# HID Headlight Assembly



## Darktide (Jul 29, 2004)

Alright guys,
I've been wondering about getting HID Headlights for my 2000 Altima SE. I know that just changing the bulb won't give me the desired results. I was wondering if there were actual head lamp assemblies that were designed to house HID bulbs to get the proper reflections. I've checked eBay really quick and wasn't able to find anything. I work third shift so I do a lot of night driving and would like to have some nice bright bulbs. Installing HID bulbs would be really easy as I'm pretty decently inclined with electronics and mechanics so getting everything installed and working properly would be pretty easy.

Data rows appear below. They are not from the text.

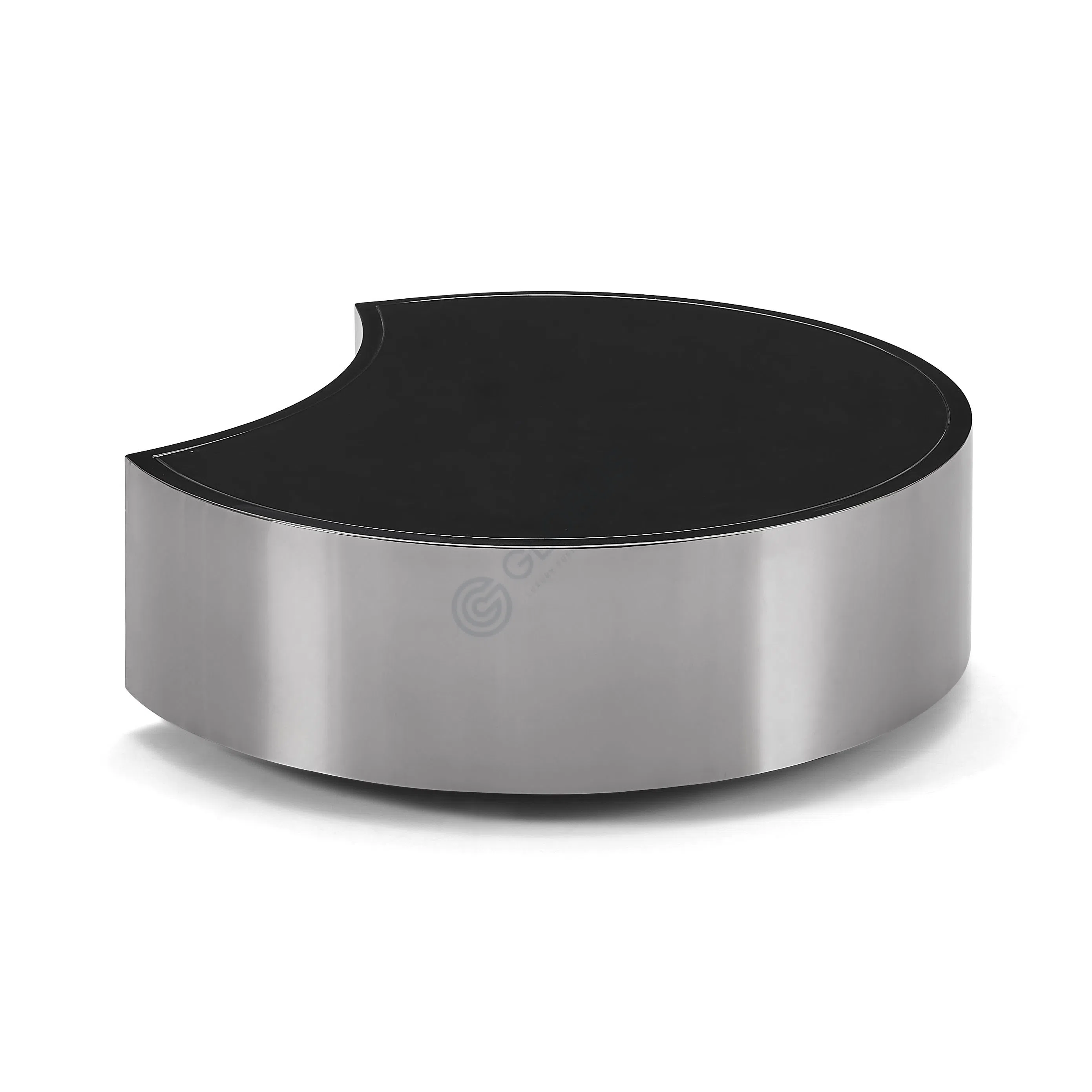 A cylindrical side table crafted from mirror-polished stainless steel and crowned with a black tempered glass top. The seamless joint between metal and glass highlights a minimalist silhouette that complements modern living rooms.
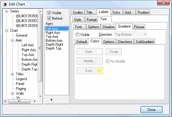 The Gradient subpage of the Text subpage of the Labels subpage has the same options as the Gradient Editor dialog.
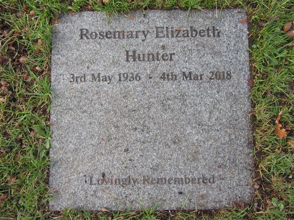 Headstones reads "Rosemary Elizabeth Hunter 3 May 1936 - 4 Mar 2018 Lovingly Remembered"
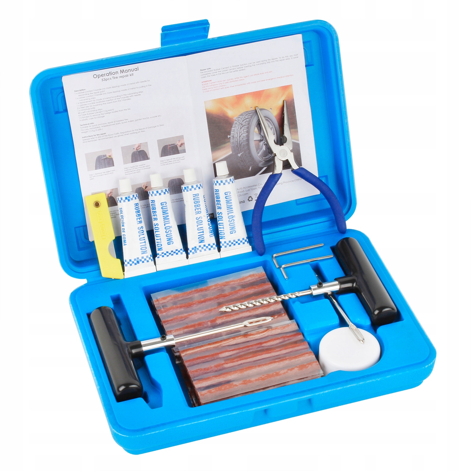 Комплект для ремонта автомобильных шин. В небольшом чемоданчике находится набор прочных элементов для необходимого ремонта.
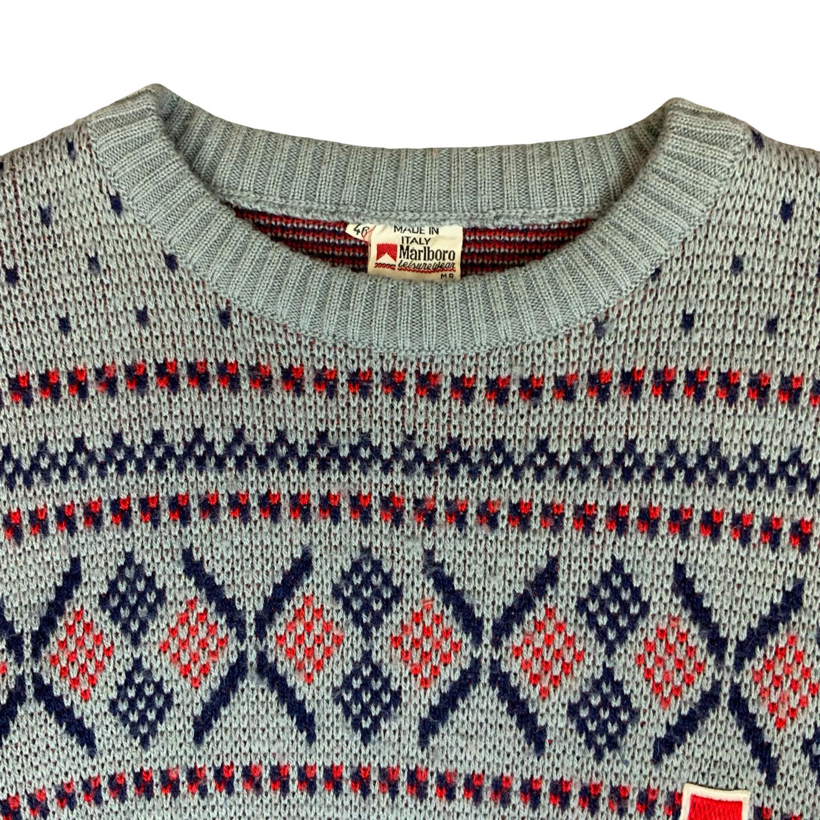 Vtg 90s Classic Marlboro Grey Blue Nordic Fair Isle Knitted Sweat Jumper S/M
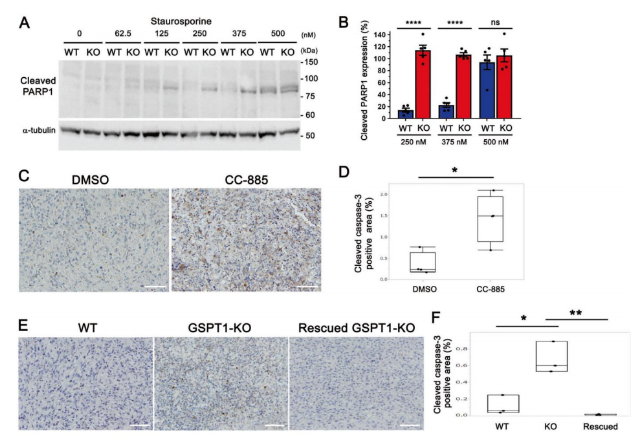 GSPT1-KO U87細(xì)胞對凋亡的敏感性。A、B、WT和GSPT1-KO U87膠質(zhì)母細(xì)胞瘤細(xì)胞在62.5-500 nM濃度的斯塔烏羅辛(staurosporine)作用下9小時(shí)。為了評(píng)估細(xì)胞凋亡,WT和GSPT1-KO U87細(xì)胞裂解液通過抗PARP1抗體進(jìn)行免疫印跡(A)。在每種斯塔烏羅辛濃度(250、375和500 nM)下,PARP1的裂解片段通過α-微管蛋白進(jìn)行歸一化并繪制(B)。C-F、將WT U87細(xì)胞或經(jīng)CC-885處理的WT U87細(xì)胞(C,第24天)以及WT、GSPT1-KO或恢復(fù)的GSPT1-KO U87細(xì)胞(E,第20天)移植到腦腫瘤中。將樣本從體內(nèi)取出,固定并包埋在石蠟中。使用抗cleaved caspase-3抗體進(jìn)行免疫染色。
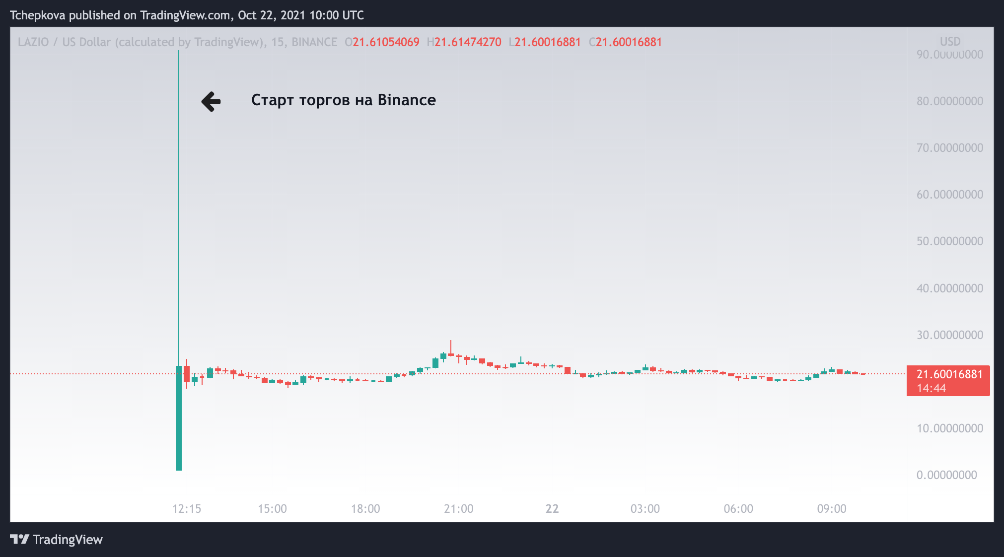 Курс токена LAZIO вырос почти на 2300% и достиг $22,2 после листинга на криптовалютной бирже Binance. Торги токеном начались 21 октября в 15:00 мск. Сразу после старта курс в взлетел более чем на 9000% до $90,89, однако также быстро спустился в район $22, где и обосновался.
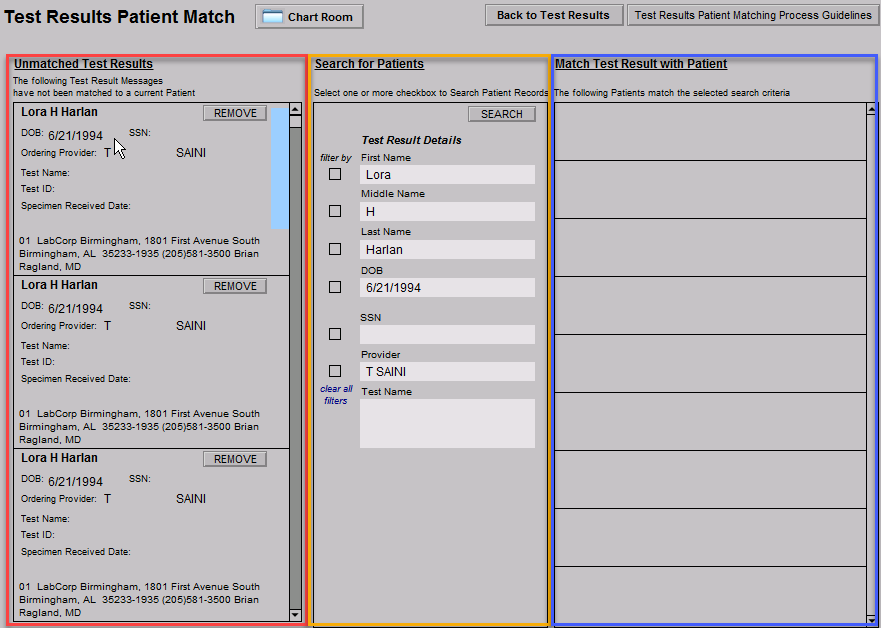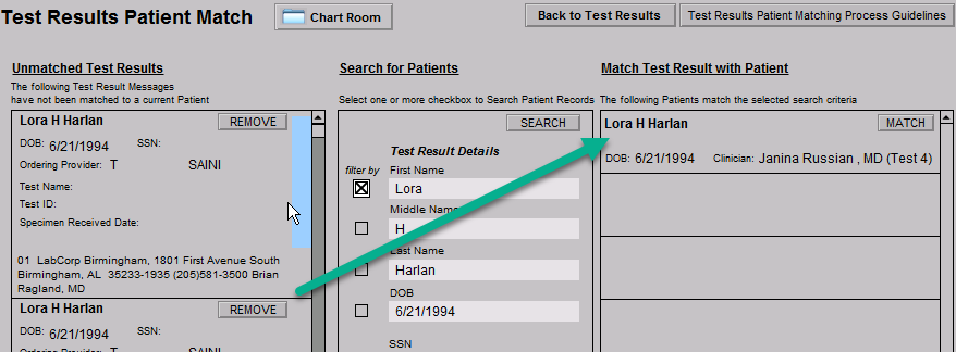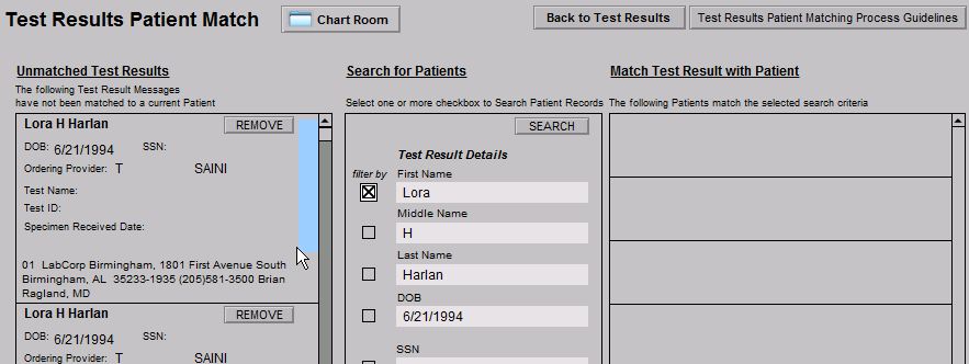 Note: Each Unmatched Test Result will need to be individually matched to the correct patient. If any of the results cannot be matched to a current patient, the lab should be contacted.
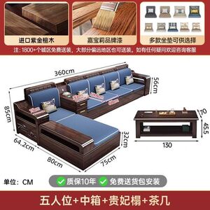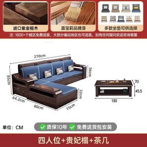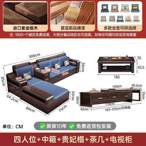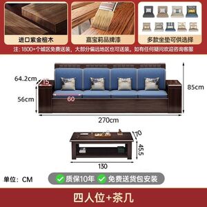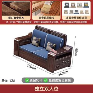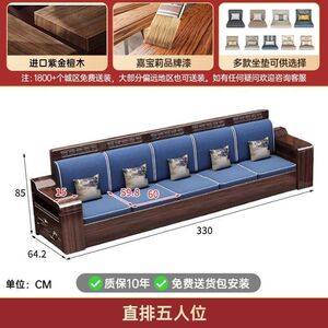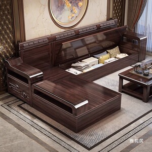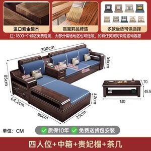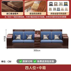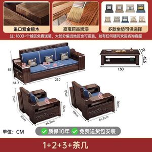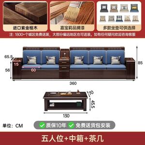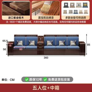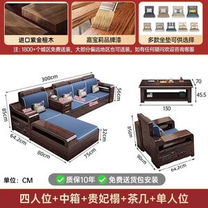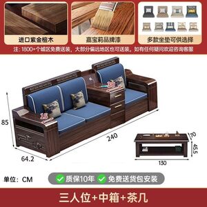 现代新中式紫金檀木实木沙发客厅家用组合小户型冬夏储物两用家具

Does anyone know if this exists? If not would I be ok just installing some HID bulbs and not thinking twice about it (though I really think glare would be an issue for oncoming traffic)?. I'm really looking for a brighter bulb without being one of those jerks who adjusts the headlights up a few turns and blinds people w/out caring. Any help would be appreciated. Thanks in advance


Darktide


----------



## LONDONDERRY (May 19, 2004)

Hey Jay-
I looked around and I didn't see any headlight housings, but check out this site though http://www.brightheadlights-hid.com On a side note, I make sure there street legal.

Glad to see you have consideration for other in terms of glare. If you do install them, just make sure your not tailing me with those highs on, I'm always looking of good insrance claim, to buy a new car. Other than that, whats new with you? PM me

cheers
Frank


----------